Hasdata CLI

Command-line access to search, scraping, and structured web data.

Published by @sickn33 and contributors·0 agent reads / 30d·0 saves·

hasdata

Use the hasdata CLI for real-time web data. One subcommand per API — flags, enums, defaults are derived from the live schema at api.hasdata.com/apis.

When to Use

Use this skill when:

  • The user wants to use the HasData CLI.
  • The user needs current web data from the command line.
  • The user wants to automate data collection in scripts.
  • The user wants to retrieve search, ecommerce, travel, or local business data.
  • The user needs web-page scraping through the CLI.

Prerequisites

  • command -v hasdata — if missing, download the installer from https://raw.githubusercontent.com/HasData/hasdata-cli/main/install.sh, inspect it, then run it locally with sh install.sh.
  • One-time setup: the user runs hasdata configure, pastes their API key, and it's saved to ~/.hasdata/config.yaml (mode 0600). Every future call picks it up automatically.
  • If a call fails with no API key configured, the user hasn't run hasdata configure yet — tell them to. Never invent a key.

Quick start

hasdata <api> --flag value [--flag value ...] --raw | jq .

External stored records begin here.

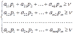 Оптимальная стратегия стратегия игрока А обеспечивает ему средний выигрыш, не меньший , при любой стратегии игрока В. Поэтому все средние выигрыши игрока А можно выписать в виде системы неравенств: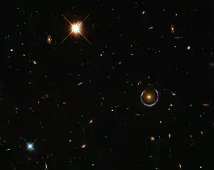 The deflection of light by gravity is responsible for a new class of astronomical phenomena. If a massive object is situated between the astronomer and a distant target object with appropriate mass and relative distances, the astronomer will see multiple distorted images of the target. Such effects are known as gravitational lensing.[110] Depending on the configuration, scale, and mass distribution, there can be two or more images, a bright ring known as an Einstein ring, or partial rings called arcs.[111] The earliest example was discovered in 1979;[112] since then, more than a hundred gravitational lenses have been observed.[113] Even if the multiple images are too close to each other to be resolved, the effect can still be measured, e.g., as an overall brightening of the target object; a number of such "microlensing events" have been observed.[114]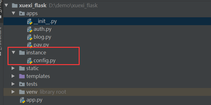instance文件夹是根目录的一个子文件夹,包括了一个特定于当前应用实例的配置文件。我们不要把它提交到版本控制中。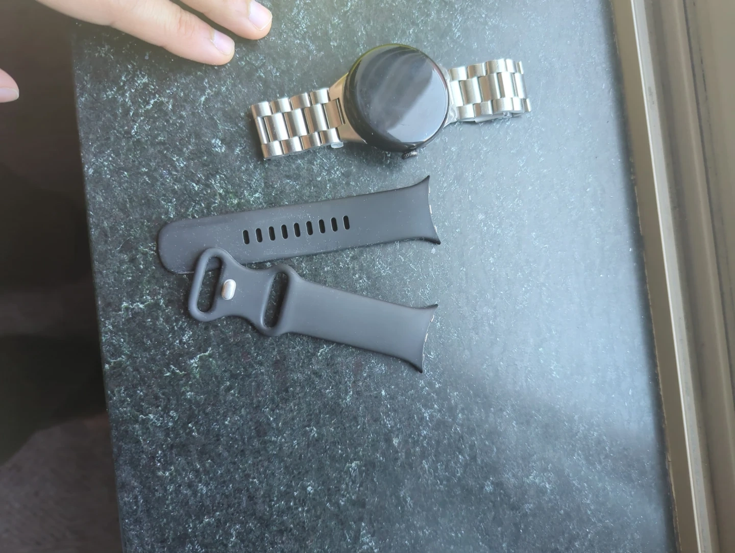 Included are the watch, the original band, and an additional metal band for a different look. I'm also throwing in a pixel charging dock that charges the buds, watch and phone simeltaneously.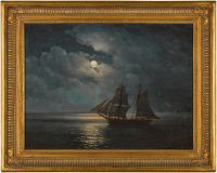 Ship in full sail in a moonlit night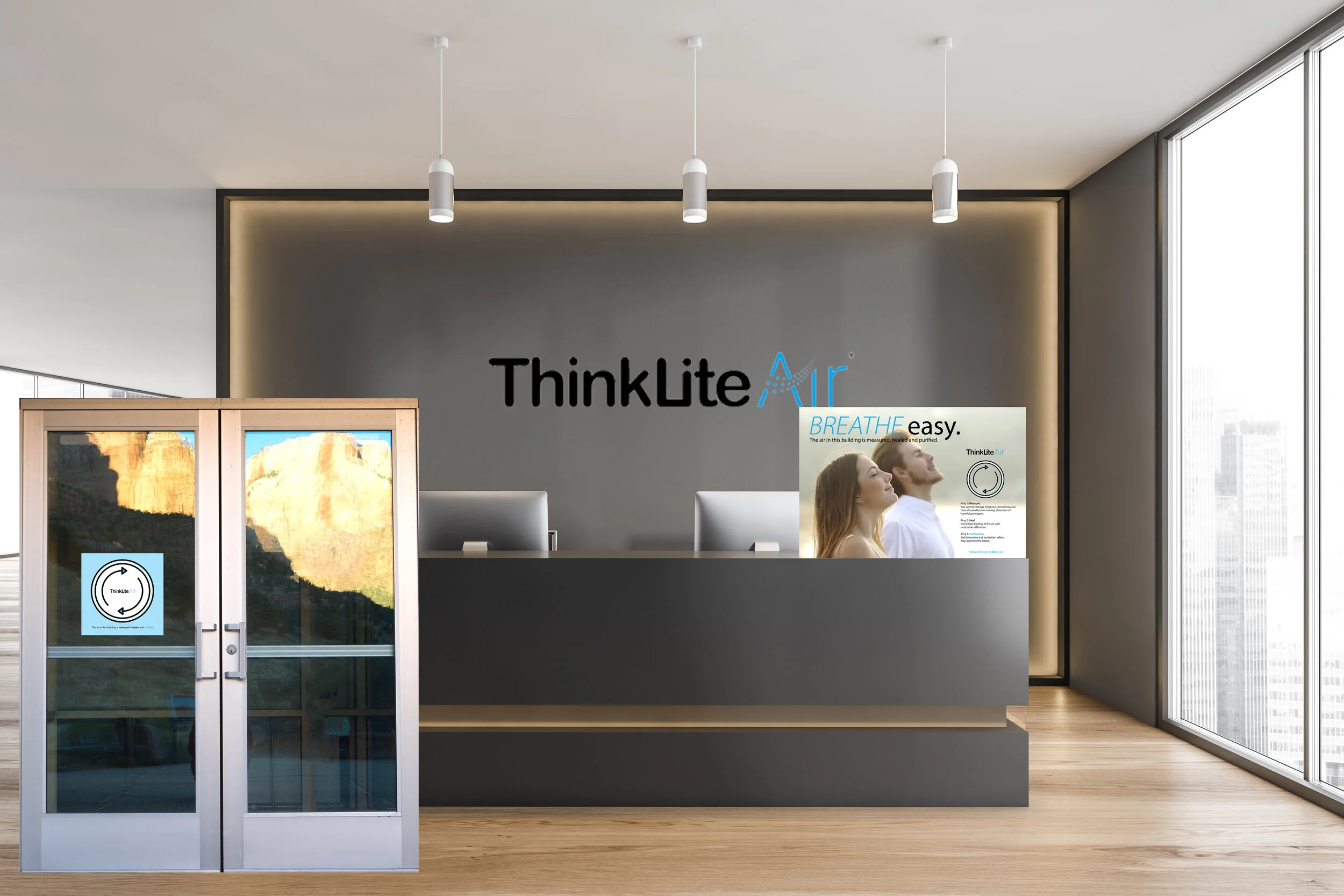 Use of visual branding at point of building entry with the use of eye catching door decals.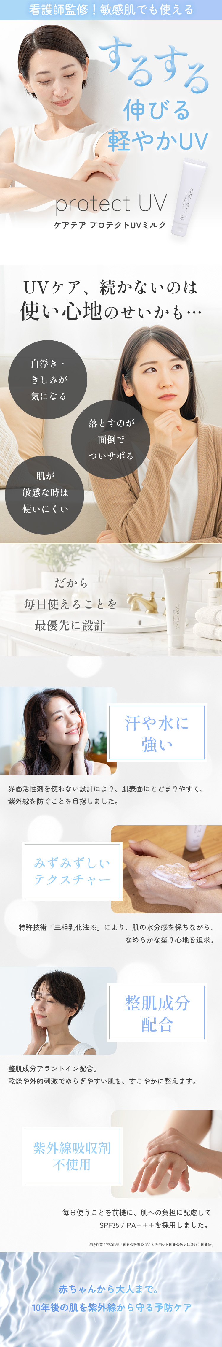 【赤ちゃんも使える】キシミ感なく、軽い付け心地 【定期便】ケアテア プロテクトUVミルク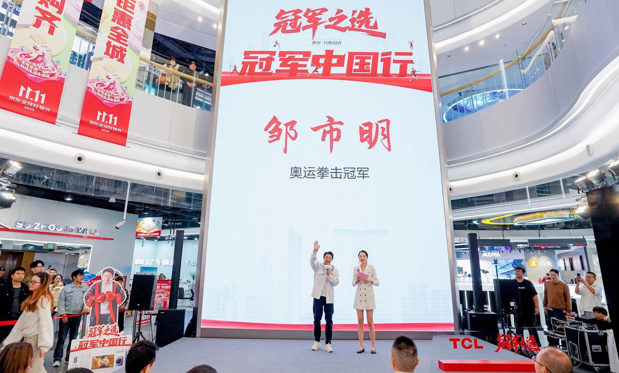 11月8日,奥林匹克全球合作伙伴TCL携手苏州京东MALL,开启“冠军中国行”苏州站活动。活动上,不仅有拳击奥运冠军邹市明亲临助阵,更以全屋智能场景展出空调、冰箱、洗衣机、门锁等先进产品,彰显了品牌“冠军品质”的硬核实力。现场,TCL空调携手邹市明,重磅发布TCL家庭中央空调中高端品牌小蓝翼新品——TCL小蓝翼天花机。

Always pass --raw when piping to jq (skips pretty-print and TTY detection). Use --pretty only for human-readable terminal output.

Picking the right subcommand

User intentSubcommand
Web search ("what does Google say about…")google-serp (full features) or google-serp-light (cheap, single page)
Latest newsgoogle-news
AI Mode SERPgoogle-ai-mode
Shopping / product pricesgoogle-shopping (broad), amazon-search / amazon-product (Amazon), shopify-products (Shopify)
Immersive product pagegoogle-immersive-product
Maps / places / reviewsgoogle-maps, google-maps-place, google-maps-reviews, google-maps-photos, google-maps-posts
Yelp / YellowPages local datayelp-search, yelp-place, yellowpages-search, yellowpages-place
Real-estate listings (homes for sale/rent/sold)zillow-listing, redfin-listing
Real-estate single property deep divezillow-property, redfin-property
Travel — short-term rentalsairbnb-listing, airbnb-property
Travel — hotels / lodgingbooking-search, booking-place
Travel — flightsgoogle-flights
Jobsindeed-listing, indeed-job, glassdoor-listing, glassdoor-job
Bing searchbing-serp
Trendsgoogle-trends
Imagesgoogle-images
Short videosgoogle-short-videos
Eventsgoogle-events
YouTube search / video / channel / transcriptyoutube-search-api, youtube-video-api, youtube-channel-api, youtube-transcript-api
Instagram profileinstagram-profile
Amazon selleramazon-seller, amazon-seller-products
Scrape a specific URLweb-scraping — supports JS rendering, proxies, markdown output, AI extraction, screenshots

For exact flags of a subcommand, run hasdata <api> --help or read the matching file in references/.

Non-obvious triggers (when to reach for hasdata even if the user doesn't say "scrape")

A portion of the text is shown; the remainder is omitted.